ROMA – “Continuerò a provarci perché succeda in futuro, ma non è una questione di vita o di morte”. Era ottobre 2024, e a Shanghai Jannik Sinner aveva scippato a Nole Djokovic l’ennesimo record, il più rotondo: 100 tornei vinti. Tra la vita e la morte sportiva c’era questo scomodo limbo in cui il più vincente tennista della storia s’era incastrato. Come trattenuto da una fune invisibile. La fune s’è spezzata a Ginevra, 19 anni dopo il primo. A Ginevra Djokovic vince l’Atp 250 battendo Hubert Hurkacz, al tie-break del terzo set. Il titolo numero 100, che fa la storia.
Nel club della tripla cifra raggiunge Jimmy Connors e Roger Federer. Sono in tre, e nessuno più. Dentro quell’elenco c’è un po’ di tutto: 24 Slam, 7 Atp Finals, 40 Masters 1000, 15 “500”, 13 miseri “250” e un oro Olimpico. 71 sul cemento, 21 sulla terra, 8 sull’erba. Dal primo, il Dutch Open 2006 di Amersfoort, un 250, fino all’ultimo. Ginevra, terra di Roger.
È una vittoria simbolica, per Djokovic. Perché vale un biglietto free per un altro giro, un’altra corsa. Hurkacz nel 2021 fu l’ultimo giocatore ad affrontare in un match ufficiale Federer (ai quarti di Wimbledon, con un doloroso 6-0 nel terzo set). E sempre lui, nel 2024, chiuse l’era romana di Rafa Nadal, lasciandogli soltanto quattro game.

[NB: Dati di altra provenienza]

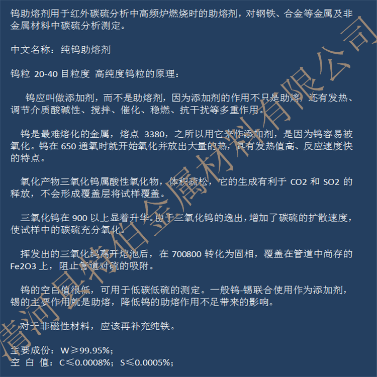 高纯钨粒钨助熔剂20-40目99.99碳硫分析钨颗粒

Djokovic invece ha una inclinazione all’immortalità incrollabile.
A 38 anni appena compiuti, ha passato più della metà della sua vita a giocare a tennis, perlopiù vincendo. Con una fatica ulteriore, l’ombra degli altri due – dio Federer e dio Nadal. Djokovic ha vinto, fino al ritiro dei rivali, in una sorta di indifferenza ovattata, applausi educati e risentimento inespresso. Spesso la folla tifava per l’altro, chiunque fosse. Perché i cyborg non piacciono a nessuno. E il sentimentalismo che attanaglia anche i più cinici è natura stessa dell’epica sportiva. L’aura dell’indistruttibilità quasi metallica che il serbo indossava da terzo incomodo l’ha tenuto in un cantuccio. Con quel suo tennis efficiente come un assemblaggio di molle e pistoni in apprendimento automatico avanzato.

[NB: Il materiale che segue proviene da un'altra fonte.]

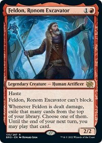 Whenever Feldon is dealt damage, exile that many cards from the top of your library. Choose one of them. Until the end of your next turn, you may play that card.
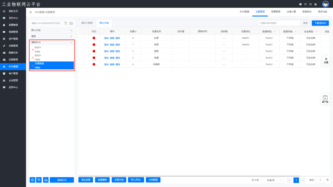 进入【BOX 配置】模块,找到模板对应的 BOX 分组,选中目标 BOX 即可执行修改操作。

Djokovic ha passato la carriera a forzare l’altrui empatia, riducendosi un giorno a New York, quando era a pochi mesi da un leggendario Grande Slam, ad un pianto tenero, quasi farsesco. Fu una riconciliazione con la gente, per una dinamica elementare: perdi, piangi, sei come tutti noi e ti ameremo per questo.

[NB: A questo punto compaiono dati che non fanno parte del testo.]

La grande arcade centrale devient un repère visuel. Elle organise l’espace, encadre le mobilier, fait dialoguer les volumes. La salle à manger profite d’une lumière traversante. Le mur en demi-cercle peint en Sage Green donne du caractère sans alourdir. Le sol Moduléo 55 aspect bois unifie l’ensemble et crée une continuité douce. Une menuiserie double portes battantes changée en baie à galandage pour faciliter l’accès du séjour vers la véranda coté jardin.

La dinamica antagonista tra Djokovic e la gente era ormai letteratura scientifica: giocava bene, e non piaceva, e quindi giocava ancora meglio, e piaceva ancora meno. Una dialettica di azione e reazione basica per niente disfunzionale, bonificata dall’età, dalla storia, dagli ulteriori traguardi raggiunto. A Parigi Djokovic s’era preso anche l’oro olimpico. Restava alla collezione di record quella ‘punessa’ un po’ fragile a tenere su l’asticella: il club dei 100 tornei. E’ entrato anche lì: Jimmy, Roger e… Nole.